Given its potential and critical position in the Caribbean, the technology sector is a focus sector. As such, Tamira has conducted baseline studies for the sector in Curaçao, ensured that Curaçao firms are part of Carib-Export’s Digital Checkup, and actively advocates for digital transformation and for Curaçao tech firms to co-create solutions that the government and the private sector need.
An active member of the business community, Tamira previously served on the board of the Curaçao Chamber of Commerce and has advised domestic and multinational enterprises on strategic growth throughout the Caribbean.

Natalie Maharaj is a results-driven Digital Transformation Consultant and Responsible Technology Advocate with over 25 years of experience leading multi-sector technology initiatives.
Natalie has always promoted Digital Citizenship; her passion for Responsible AI and Technology has earned her a scholarship with Stanford University to pursue a course in Ethics and Technology Policy.
With a Master of Science in Operational Cybersecurity, a Post Graduate Diploma in Business Administration and a Bachelor of Science in Computing, she possesses deep expertise in ICT Governance, Digital Transformation, IT Security Resilience, and ICT Program Management. She currently serves as the Vice President of the Information Systems Audit and Control Association (ISACA) Trinidad and Tobago Chapter, the local branch of an international body that educates and certifies ICT Audit, Risk and Security Professionals.
The topics discussed
We kicked off this Community Chat by discussing AI literacy in the Caribbean, which has overtaken digital literacy as a priority in the minds of policymakers and industry. However, although the subject is relatively new, and noting the approach taken to digital literacy—which has generally been implemented via short-term or ad hoc programmes rather than more comprehensive, longer-term interventions—the effort required to properly address AI literacy does not appear to be readily evident.
Next, we focused on Caribbean tech innovation and entrepreneurship, and more specifically, what it takes to have commercially viable digital hardware and software products originating from the region. Hence, our topic, SIDS (Small Island Developing States) investing in tech development, broadens the focus beyond the Caribbean region to other SIDS countries, where similar tech innovation and entrepreneurship challenges are being experienced.

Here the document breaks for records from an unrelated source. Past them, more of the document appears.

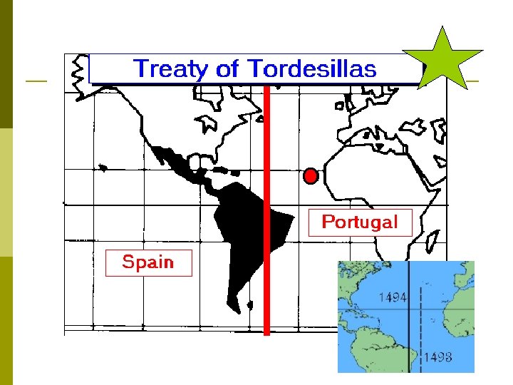 Treaty of Tordesillas Spain and Portugal disputed each others right to explore new lands, so the Pope arranged a settlement (since both were Catholic nations) n 1494 - Spain and Portugal signed the Treaty of Tordesillas, which drew a Line of Demarcation through the western Atlantic n
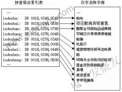 ADDR0、下一拼音组合映射的字库地址ADDR1和当前显示汉字的首地址ADDR等。根据拼音组合用遍历算法查得该拼音组合的第一个汉字的点阵地址,用向上、向下键实现翻页,通过ADDR与ADDR0或ADDR1的比较,来保证在同一拼音组合内查找汉字。
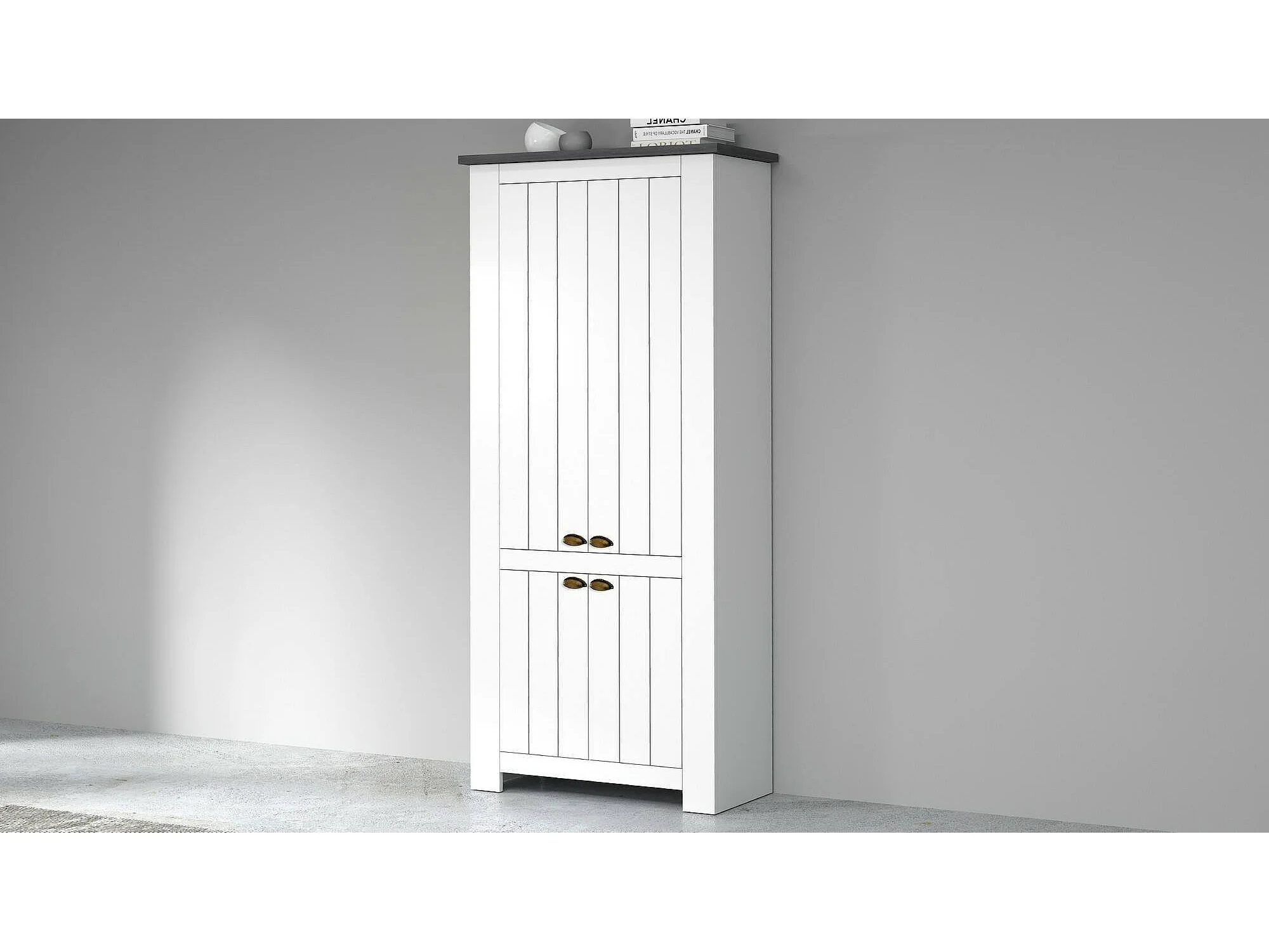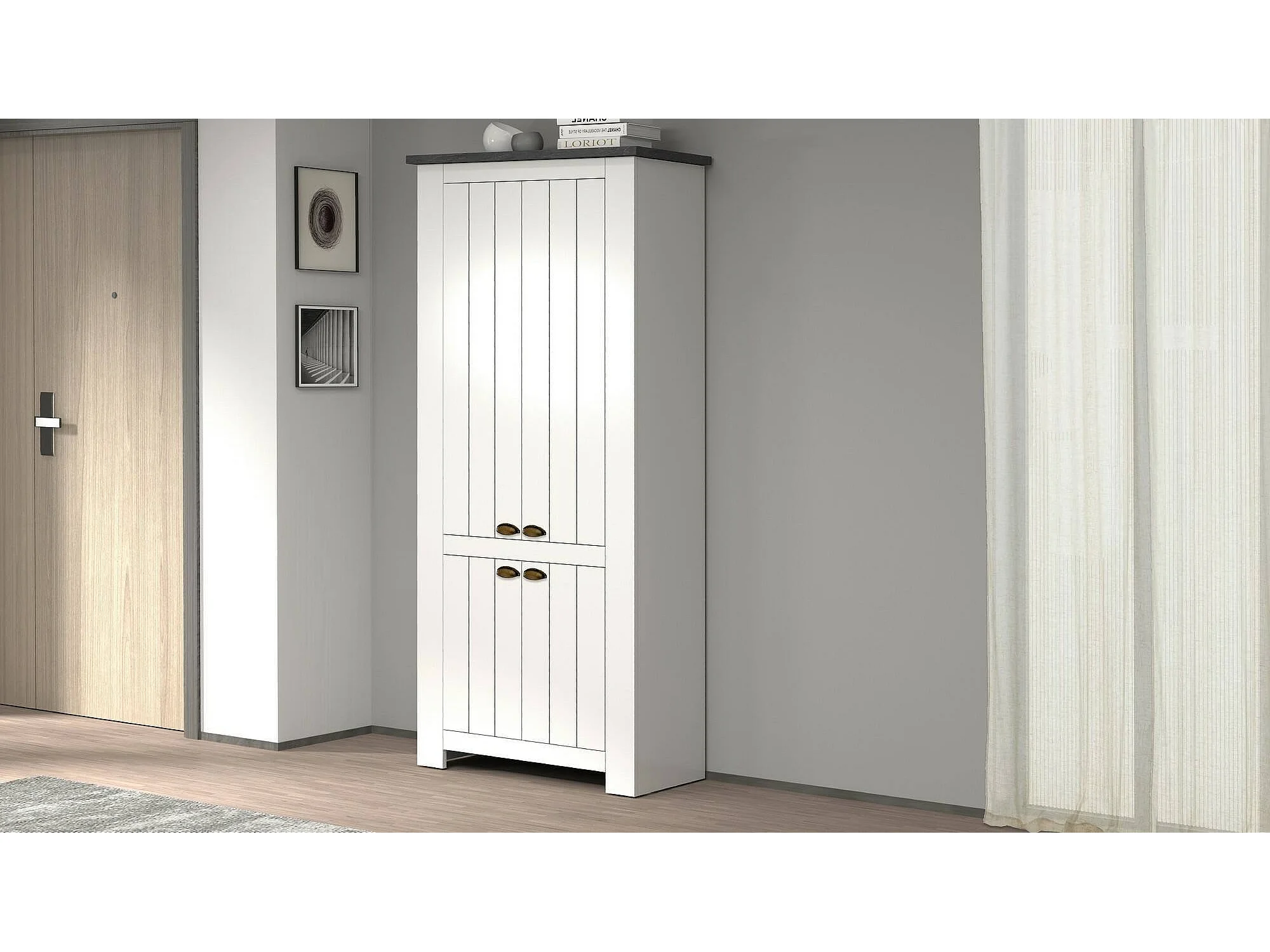 Étagère à chaussures Teodoro, étagère à chaussures peu encombrante avec 4 portes, armoire d'entrée multifonctionnelle, 84x42h200 cm, Blanc et Ardoise

Finally, we tackle Privacy and consent in AI, which was already a concern, gained greater visibility in recent weeks when reports emerged that Google Chrome and Anthropic, the maker of Claude AI, have been installing AI models on devices without users fully understanding what was happening. Some articles focused on the spyware nature of these installations, whilst others were concerned about the energy and climate/green implications of every user device worldwide running an AI model, but for this conversation, our attention was on matters related to privacy and consent.
We would love to hear your thoughts!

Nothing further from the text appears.